Duyanh Nguyen

By Troy Wilde

July 7, 2016

Tempe, AZ – Duyanh Nguyen is 22 and well on his way to fulfilling his dream of becoming an internal medicine specialist with a prosperous career in the United States. He also has a mission to help improve access to medical care for low income people in his home country of Vietnam.

Duyanh explains:

“It is my passion to use my knowledge and skills to serve everyone here in the U.S. and in Vietnam. I especially want to help people who are low income and disadvantaged, because I have also been through such obstacles. Also, I want to use my knowledge and accomplishments to become the bridge and connection between Vietnam and America so that I can improve the health care system of Vietnam – to help poor people over there have access to better care and services, like in America.”

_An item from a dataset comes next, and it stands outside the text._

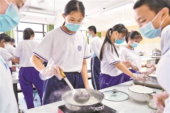 羊城晚报记者 蒋隽 王沫依 何宁 实习生 胡诗怡 近日,教育部发布《义务教育劳动课程标准(2022年版)》(以下简称“标准”),会做西红柿炒鸡蛋将成为中小学生“标配”技能。其实,广州劳动教育走在全国前列,是全国首批率先推出劳动教育细则的城市。校园劳动教育经过2年多的探索丰富,各区各校特色鲜明,劳动内容和成果有趣、有料、有意义。 广州劳动教育 走在全国前列 早在2019年,广州就出台了《广州市教育局关于加强中小学(幼儿园)劳动教育的指导意见》(以下简称“意见”)和《广州市中小学劳动教育指导纲要》(以下简称“纲要”),对不同年龄段的中小学生的劳动技能、劳动教育目标等进行了明确。成为全国首批率先推出劳动教育细则的城市。 意见和纲要明确规定:小学生会做一日三餐、安排全家旅行计划;初中生会煲汤、做双皮奶;高中生会理财、通马桶……在全国引发关注和热议。 经过两年多的实践,广州中小学形成了浓厚的劳动教育氛围,德智体美劳五育并举。2021年广州市入选首批全国中小学劳动教育实验区,同时,推进中小学劳动教育列入全市民生实事项目。 2021年,广州市教育局整合劳动教育资源,累计评选出劳动教育试点学校164所、劳动教育特色学校67所,劳动教育基地学校15所,市、区两级中小学生劳动教育基地57所。在教育部门的组织下,共有18000余名普通高中学生开展学农劳动实践活动,约1600名学生开展随机预约劳动实践自由行活动,96所学校的2400余名学生参与结对共建劳动教育活动。 各校因地制宜 课程特色鲜明 广州中小学生的劳动内容和成果可谓是因地制宜“八仙过海,各显神通”,让人目不暇接、眼花缭乱。 凭借地理优势,广州市增城区高级中学开辟了600多平方米的种植园,从中草药的种植到提取,再到制作,学生全程参与,利用碎片化时间,制成一排排整齐的活络油、清凉油、洗发水等制品。在劳动的过程中,学生们获得了技能,也收获了快乐。 广州越秀区朝天小学则充分发挥离广东省中医院距离近、很多学生就是医生子弟的优势,邀请省中医院的医生阿姨们到学校教孩子用中药做美白、祛斑、祛痘面膜。 猪脚醋、鸡脚醋、鲫鱼醋……花都区花东镇联安初级中学学生展现厨艺。同学们或是专注炒米,为臭屁醋的制作做准备;或是介绍工艺流程,为感兴趣的观众盛出一碗碗好吃的美食。 花都区狮岭镇冠华小学的女同学们还会做皮包。该校所在的狮岭镇是“皮具之都”,学校早在2007年就开设了皮具制作课程。校友麦老师到意大利和北京学习皮雕,回乡创业的同时到母校教师弟师妹。一二年级的学生主要学习皮革的剪切、拼接,中高年级同学学习皮雕技艺,还能以皮雕作为小学六年级的皮业作品。 从化区鳌头镇第三中心小学的同学会编竹发簪、花瓶和蜻蜓。老师说:“因为学校主打竹文化主题,所以竹编课程是我们的特色课程。” 广州市教育局局长陈爽表示,广州劳动教育改革创新走在前列,一校一品形成品牌,实践活动内容丰富,各区各校特色鲜明,完成了民生实事各项工作任务,达到了预期的社会效果和育人目标。 案例 沙面小学: 做饭是“标配”技能 根据义务教育课程方案,劳动课程平均每周不少于1课时。在广州,劳动教育安排在综合实践课的课时。 冰箱、烤箱、蒸锅、电饭煲、消毒柜,洗菜池……5月6日,广州市荔湾区沙面小学御景校区(简称“沙面小学”)的生活体验馆俨然成为一个开放性厨房,各种厨具应有尽有。六年级(1)班学生在生活实践课上做创意汤圆。 6—7人一个小组,学生们分成了蜂蜜、牛奶和椰果三个小组,分别调制不同味道的汤圆。大家根据老师写在黑板上的煮汤圆步骤,开始劳动。 “现在提倡健康生活,不要放太多糖哦。”学生们一边在调味,邓卓颖老师一边在提醒。曾心颖和钟好两位同学都分到了牛奶组,他们用牛奶调制出美味的汤圆。 沙面小学劳动学科科组长邓卓颖介绍,学校两年前就在综合实践课开设了劳动技能课程。以往四年级才开始有劳动课,从这学期开始,一年级学生也要开始上劳动课了。“劳动技能课程里老师会列一个学生要掌握的劳动清单,其中做饭做菜是很重要的一项。低年级学生主要学摆水果,创意水果拼盘等,高年级学生开始学做菜。” 邓老师发现,自从上了劳动技能课后,学生们的动手能力和生活自理能力都提升了不少。平时在家里,爸爸妈妈工作很忙,孩子们可以自己做饭做菜,不会饿肚子了。 曾心颖说,她在家尝试过做茶叶蛋,“没想到第一次就成功了,特别开心。”她从小就跟着爸爸妈妈做家务,但是在学校上了劳动课以后,才真正对劳动产生了兴趣,“我们之前做过雪媚娘、西米露、多肉葡萄等,跟同学一起合作,比自己一个人在家里有趣多了。周末在家,还会几个同学一起约好做某一种美食,然后拍视频分享在班级群,老师把我们的视频发在学校官微上,特别有成就感”。 海珠区宝玉直实验小学: 学生变身“农耕达人” 播种、浇灌、采摘、烹饪、品尝,是广州市海珠区宝玉直实验小学的劳动教育一条龙,6日,羊城晚报记者在校园看到,学生在“向阳璞园”天空农场动手实践,从劳动中学习知识、培养品质、收获快乐。 “向阳璞园”天空农场劳动教育实践基地是海珠区第一个在天台建造的具有物联网远程智能控制的校园小农场,实施自动化喷灌系统,连接到每一个种植箱。“可以

Duyanh moved with his parents to the U.S. from Vietnam when he was 17 and knew some English, “I spoke a little bit of English because in school in Vietnam from the first grade to twelfth grade you have to study thirteen subjects, thirteen classes. So, English is one of the classes that you have to take, but I didn’t start taking it until I was fifteen years old.”

He adds that his friends were a big help in learning the language, “When I first came over here all of my pronunciation was pretty much wrong. I had to catch up with the way my friends talked and they helped me learn English.”

Duyanh graduated from Westview High School in Avondale and went on to earn a scholarship from College Success Arizona with support from the Arizona Diamondbacks. It provides up to six-thousand dollars per year for educational expenses and specialized mentoring services from Success Advisers, or mentors. Duyanh says the scholarship had a huge impact on college career, “Thanks to College Success Arizona it was a life-changing decision for me. At first my major was Computer Systems Engineering, but getting the scholarship gave me the financial support and confidence to pursue my dream of being a doctor. My parents were also very helpful by supporting me throughout college.”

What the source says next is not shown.